Jeremy Vine’s stalker jailed

Image above: Alex Belfield; Youtube

Alex Belfield gets five and a half years

Alex Belfield, who was found guilty in August of stalking Jeremy Vine and three others, has been jailed for five and a half years. The former BBC radio presenter who runs his own Youtube channel harrassed his targets online.

Jeremy Vine told the court watching his Youtube videos was like “swimming in sewage” and described Belfield as “the Jimmy Saville of trolling.”

The judge said one of his victims, BBC Radio Northampton presenter Bernard Spedding, came close to killing himself. Belfield had harassed him for nine years and some of Belfield’s followers had  sent him death threats.

“He was seconds away from taking his own life as a result of your conduct,” the judge, Mr Justice Saini, told Belfield.

“You made this highly successful and confident radio presenter lose all joy in life and turned him into a shell.”

When Jeremy Vine gave evidence earlier this year he said:

“I found it shocking and distressing, and it made me worried. I have in the past had a physical stalker who followed me. That is a picnic compared to this guy. It’s like an avalanche of hatred that you get hit by.”

He described how it had affected his family too. He had had to explain to his younger daughter, then 13, that he was worried one of Belfield’s 500,000 online followers could “have a knife or acid or something”.
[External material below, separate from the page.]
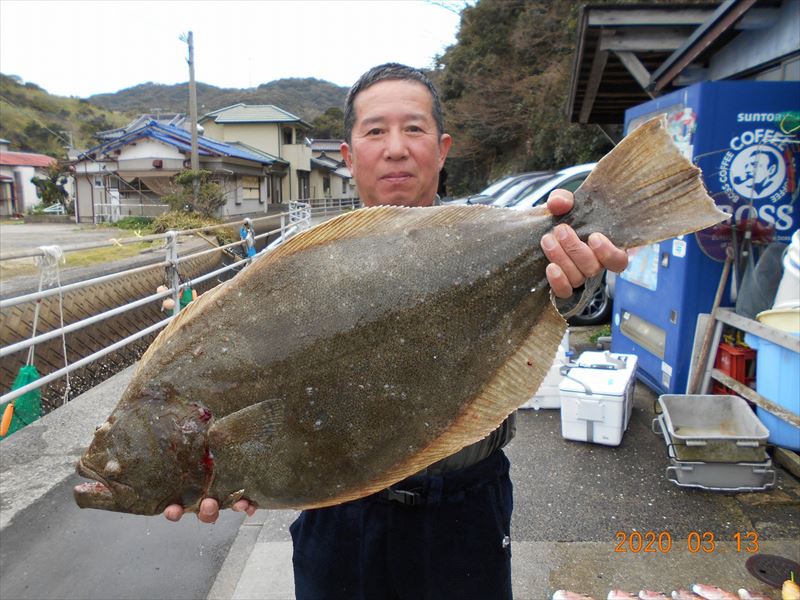 3/13 (野母崎沖 船釣り) 長崎市丸尾さんヒラメ75センチ4.2k 1匹
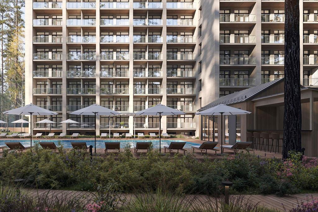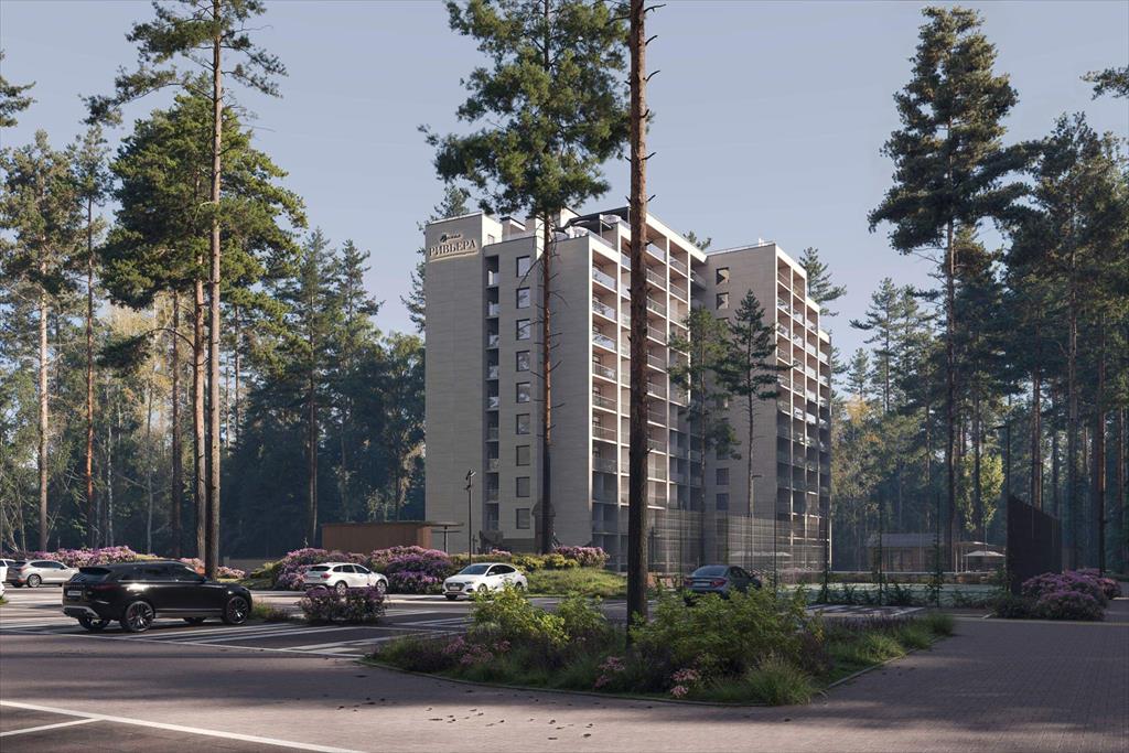 В комплексе всего 13 этажей. Из окон открывается завораживающий вид на Финский залив и многовековой лесной массив.

“I saw her shrink” he said.

It was a year before she regained her confidence in leaving the family home, he added.

“She’s his victim as well, and he doesn’t even know her name.”

He told the court he had received 5,000 to 10,000 hateful tweets after the defendant’s comments.

“I was brought so low. I just thought, ‘There’s no point broadcasting if the effect is that I’ve got this.”

Belfield “weaponised the internet”

In sentencing Alex Belfield today the judge said he had “weaponised hte internet.”

“The stalking you committed was not the conventional type which is popularised in the press.”

“Your methods were, however, just as effective as a way of intimidating your victims, and were in many ways much harder to deal with.”

Belfield was found guilty of pursuing a course of conduct “that amounted to harrassment” in relation to Mr Spedding and videographer Ben Hewis. For each of these charges he was sentenced to two and a half years in prison, to run consecutively.

In relation to Jeremy Vine and theatre blogger Philip Dehany, Belfield was found guilty of two lesser offences of “simple” stalking, which does not require serious alarm or distress to be proved. For each of these offences he was sentenced to 13 weeks, also to run consecutively.

Belfield had accused Mr Vine of stealing £1,000 of BBC licence payers’ money, which, the judge said, was a “wholly false” allegation. The video in which Bellfield made the claim was viewed by more than 400,000 people.

“You were not a whistleblower in any sense but developed a fixation with pursuing Mr Vine with a campaign of abuse,” the judge said.

Belfield also published Mr Vine’s address to a “mass audience”.

“Although you at no stage committed any physical acts, Mr Vine considered himself and his family to be at risk from you and his followers,” the judge said.

“He had to ask his family to watch out for you and to take care in and around their home address.”